Hani şu yüzde/51 hissesi Fransız şirketi Yves Rocher’e ait olup;Kozmetik üreten, FLORMAR firmasında çalışan emekçi kadınların direnişinden…

Hani bundan üç yüz gün önce ‘sendikalı olmak istedikleri için’ önce 120 kadın, daha sonra 12 emekçi kadın daha atılınca ve diğer emekçi kadınlar -arkadaşlarının geri alınması için- hep birlikte ‘direnişe’ geçmişlerdi ya hani?

İşte bu ’emekçi kadınlar’ direnişlerini; 297 gün direndikten sonra tamda ‘8 Mart Dünya Emekçiler Gününde’ sanki bütün kadınlara ‘hediyemiz olsun’ dercesine ‘direnişin’ zaferle sonuçlanmasından söz etmek istiyorum…

Şimdi burada ‘Flormar Kadın Emekçilerinin’ direniş öyküsüne geçmeden önce, bir ‘benzeşmeyi’ de sizlerle paylaşmak istiyorum…
O da şu;
İster ilahi bir tesadüf deyin…
İster tarihin bir tekerrürü…
İsterseniz gelişigüzel -rakamsal-bir tesadüf…
Kısacası adına ne derseniz deyin;

Bundan 162 yıl önce…
Yani 1857 yılının 8 Mart tarihinde…
40 bin dokuma emekçisi kadın, çalışma koşullarının düzelmesi için greve gitmişlerdi…
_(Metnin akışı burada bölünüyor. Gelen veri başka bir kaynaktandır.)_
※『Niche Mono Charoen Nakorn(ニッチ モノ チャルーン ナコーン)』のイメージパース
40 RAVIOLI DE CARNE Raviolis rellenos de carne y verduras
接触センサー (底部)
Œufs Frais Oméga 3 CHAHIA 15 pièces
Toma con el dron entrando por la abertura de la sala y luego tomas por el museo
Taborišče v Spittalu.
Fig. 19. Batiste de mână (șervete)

Greve giden kadınların ‘grevden vazgeçmesi’ için fabrikanın patronu polis çağırmıştı…
Grevci kadınlar üzerinde baskı kurmuştu…

Direnişçi kadınlar ‘direnişlerinden’ vazgeçemeyince de, patron fabrikanın çevresine barikatlar kurup, abluka altına aldığı gibi, fabrikanın kapılarını da kilit vurduruyordu…
Ve çıkarılan yangında tam 120 emekçi kadın can veriyordu…

Filorma firmasının emekçi kadınlarına benzerliği işe rakamsal olarak şurada;
162 yıl önce New York- Dokuma fabrikası işçilerinden 120 emekçi kadın yanarak can veriyordu…
Polisiye önlemlerle baskı görüyordu…

Ve 162 yıl sonra FLORMAR Firmasında -sendika istedikleri ve sendikalara üye oldukları için-120 emekçi kadın işten atılıyordu.
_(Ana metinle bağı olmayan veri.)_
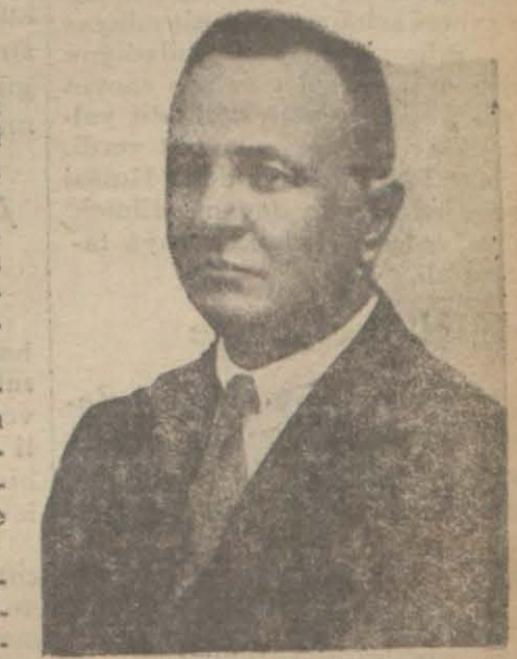
Üstadıazam Mustafa Hakkı B. gibi, biz böyle bir mason teşekkülü bilmiyoruz." Diğer taraftan öğrendiğimiz göre, nizamnameye ve masonluk [Devamı 5 inci sahifede]

"Yeni bir mahfel tesisine teşebbüs edildiğini gazeteslerde okuyoruz. Bizim bundan malûmatımız yoktur ve böyle bir mason teşekkülü de bilemiyoruz. Bütün mesele şudur: Teşkilatımıza evvelce mensup olan 5 kişi, masonluk kavaidile kabili telif olmanın ve hükümetçe musaddak bulunan nizamnamemiz ahkâmına uymanın bazı hareketatı bulunmuş olduklarından ihraç edilmişlerdir. Yeni teşekkül için de kanunen asgari 5 kişi lâzım imiş. İşte bu 5 zat tarafından yapılmakta olduğu anlaşıyor. Biraz evvel de söyledim.."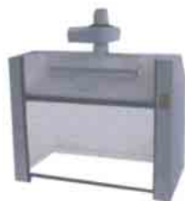
Capelas de Exaustão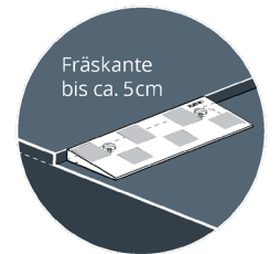
FLEYG EDGE® Low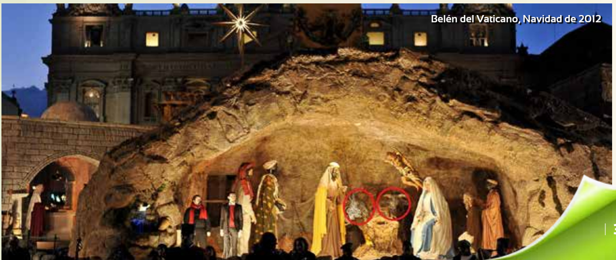
Belén del Vaticano, Navidad de 2012

Atrás queda la polémica por lo que supuestamente aparecía en el reciente libro La infancia de Jesús de Benedicto XVI. Se atribuía al Papa haber dicho que en el portal de Belén no había ni buey ni mula. Pues bien, de esto nada de nada; sino más bien lo contrario, pues, concluía el Santo Padre en su libro: « Ninguna representación del Nacimiento renunciará al buey y al asno » (pp. 76-77). Por eso, durante los días de Navidad, pudimos contemplar en la plaza de San Pedro, en Roma, el tradicional portal de belén, que incluía un año más —como siempre— las figuras del buey y la mula.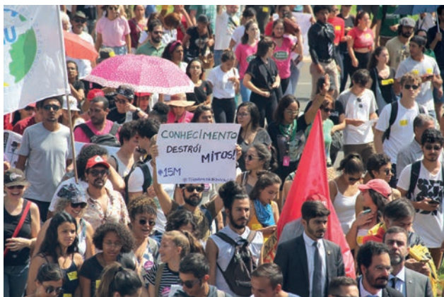
15 de maio, primeiro tsunami da educação em 2019

em torno da figura de Jair Bolsonaro e elegeram a educação pública e gratuita como um de seus principais inimigos. Apesar da situação política, o evento, ocorrido em Brasília,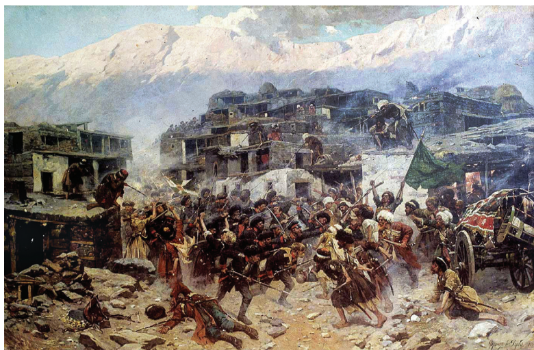
Ил. 1. Штурм аула Салты 14 сентября 1847 г. Художник Франц Рубо

В ИСТОРИИ КАВКАЗСКОЙ ВОЙНЫ 1847 год был временем, когда главнокомандующий кавказскими войсками кн. Михаил Семенович Воронцов и лидер горцев имам Шамиль уделяли особое внимание междуречью Казикумухского Койсу и Каракойсу в Нагорном Дагестане. Военно-стратегическое, политическое и экономическое значение этого района обусловили невероятное упорство обеих сторон в военном противостоянии 1 . Неслучайно кн. Воронцов лично возглавил войска, задачей которых было покорить верные Шамилю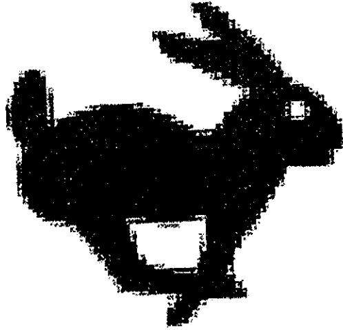
Det motanfödda märket.

PRV har som hinder för märkets registrering anfört att det sökta märket är förväxlingsbart med den nationella varumärkesregistreringen 357804, i figur återgiven nedan, registrerad för bland annat glass och choklad i klass 30.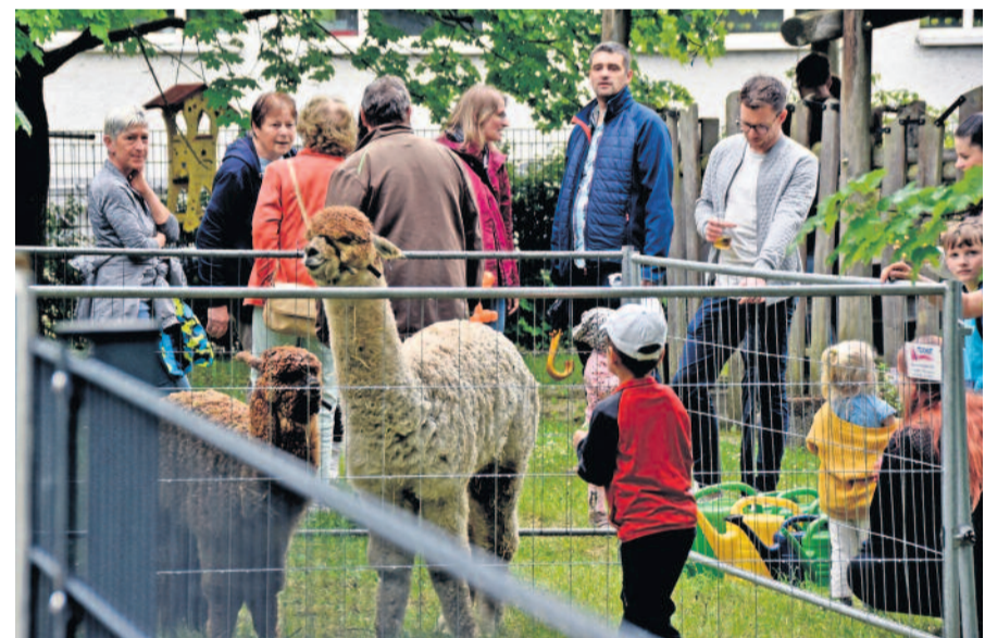
Tierischen Besuch gab es zum Frühlingsfest der Grundschule Süd Anfang Mai. Der bunt gestaltete Nachmittag war der Auftakt eines kleinen Veranstaltungsmarathons.

162 yıl önce Dokuma fabrikasının emekçi kadınları polis baskısı gördüğü gibi, 162 yıl sonra ‘Flormar Kozmetik Sanayinin emekçi kadınları’ da polisiye baskılarla karşı–karşıya geliyordu…
Neyse…
İlahi bir tesadüftür deyip geçelim…

Nerede kalmıştık?
Ha, yüzde-51 hissesi Fransız şirketine ait Flormar Kozmetik Fabrikasında ‘sendikalaşmak ve çalışma koşullarının iyileştirme’ yapılması için 297 gün direnen kadın emekçilerin direnişinden ve zaferle sonuçlandırıp, direnişlerini sonlandırarak ‘8 Mart Emekçi Kadınlar Gününde’ armağan etmesinden söz ediyorduk…
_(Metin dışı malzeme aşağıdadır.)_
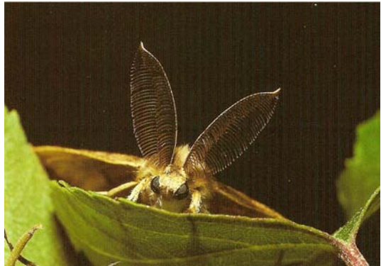
De voelsprietten van de Plakker (mannetje)

De voelsprietten van vlinders zijn voorzien van reukzintuigen, waarvan het aantal groter is naarmate de sprietten groter en sterker zijn geveerd. Hierdoor wordt reukvermogen van de vlinder naar verhouding enorm vergroot. Dit is een eigenschap die vooral bij zoeken naar een geslachtspartner belangrijk is. De Plakker is zo'n vlinder, waarbij het mannetje sterk geveerde voelsprietten heeft om het vrouwtje, dat niet kan vliegen, toch te vinden.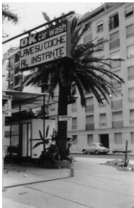
fig. 10 Un lavacoche se alza en el solar de la Casa de Rey Pastor en Yerbal 898, Buenos Aires.

Al morir Rey Pastor en Buenos Aires en febrero de 1962 muchas cosas cambiaron. La influencia que todavía ejercía en el medio universitario, pese al ostracismo a que estuvo sometido en los años anteriores, desaparece completamente sin que se sigan sus ideas en la elaboración de los nuevos planes de estudios (ideas recogidas en su correspondencia con Babini, Santaló y otros). Además desaparece su casa de Yerbal, a la que hicimos mención más arriba, y con ello su deseo de Fundación para estudiantes de matemáticas latinoamericanos. Este símbolo, que representaba cierta continuidad de la obra magistral de Rey Pastor, fue derribado físicamente para construir sobre su solar un lava coches con el sugerente nombre de «O. K. car wash».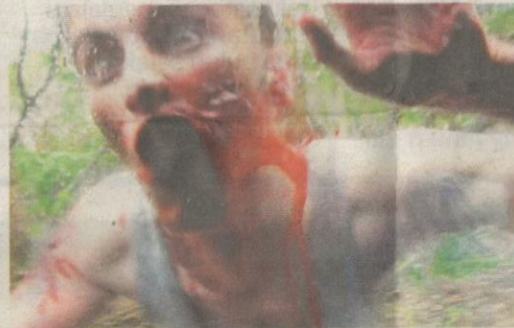
PENAGIH dadah jenis Flakka boleh bertukar menjadi ganas yang disamakan dengan zombie.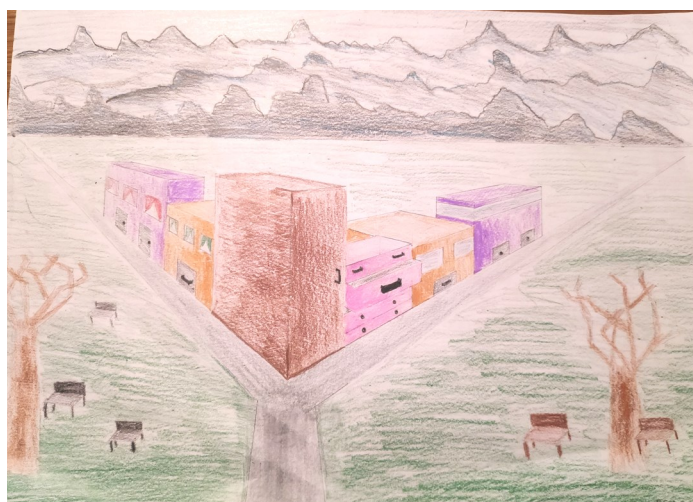
Rebeka, 9. B

2. V brskalniku odpri povezavo https://eucbeniki.sio.si/ . Poišči I-učbenik »LIKOVNA UMETNOST 9« ter KLIKNI NA SLIKO UČBENIKA , da se ti odpre njegova naslovnica.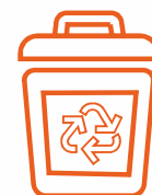
Settore Discariche / Gestione Rifiuti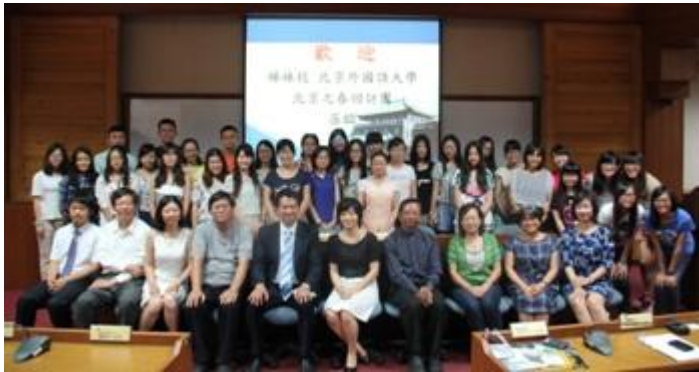
全體大合照。

Bundan yaklaşık üç yüz gün önce ne yapmak istemiş Flormar Firmasının kadın emekçileri?

Sendikalaşmak ve çalışma alanlarıyla ilgili sendikalara üye olmak istemişlerdi….

Aman Allah’ım…
Ne yapmak istemişler, ne yapmak istemişler?
Sendikalaşmak istemişler…
Başka?
Çalıştıkları iş yerlerinin sağlıklı hale gelmesini istemişler…
Eeee, başka , başka?
Emeklerinin karşılığını tam olarak almak istedikleri gibi aynı zamanda fazladan mesaiye kaldıklarında karşılığını da almak istemişler…

Aman Allah’ım…
Aman ki ne aman!
Şimdi gel de bunlara ‘kısa etekliler’ deme!
Şimdi gel de bunlara ‘saçı uzun, aklı kısa’ deme!
Şimdi gel de bunlara ‘bozguncu’ deme!
Şimdi gel de bunlara ‘sermaye düşmanı’ deme!
Tövbe, tövbe…
Tövbe ki hemde ne tövbe!

Be mübarekler bir düşünsenize;
“İş aslanın ağzında”
“Cümle alem iş kuyruğunda!”
Siz bu ‘işsizliğin kol gezdiği’ bir dönemde iş bulduğunuza sevinip, göbek atacağınız yerde, işverene başkaldırıyorsunuz!
Üstüne-üstlük, sendikalaşmak istiyorsunuz!
Tövbe, tövbe!
Vallahi başımıza taş-kesek yağacak!

Ne demek sendikalaşmak?
Ne demek örgütlenmek?
Ne demek haksızlıklara karşı ölümüne direnmek?
Hiç adam büyüklerine karşı gelir mi?
Hiç adam patronuna karşı direnir mi?
Hiç adam ekmek yediği kaba pisler mi?
Tövbe, tövbe!
İnsana abdestini bozdurur vallahi bunlar!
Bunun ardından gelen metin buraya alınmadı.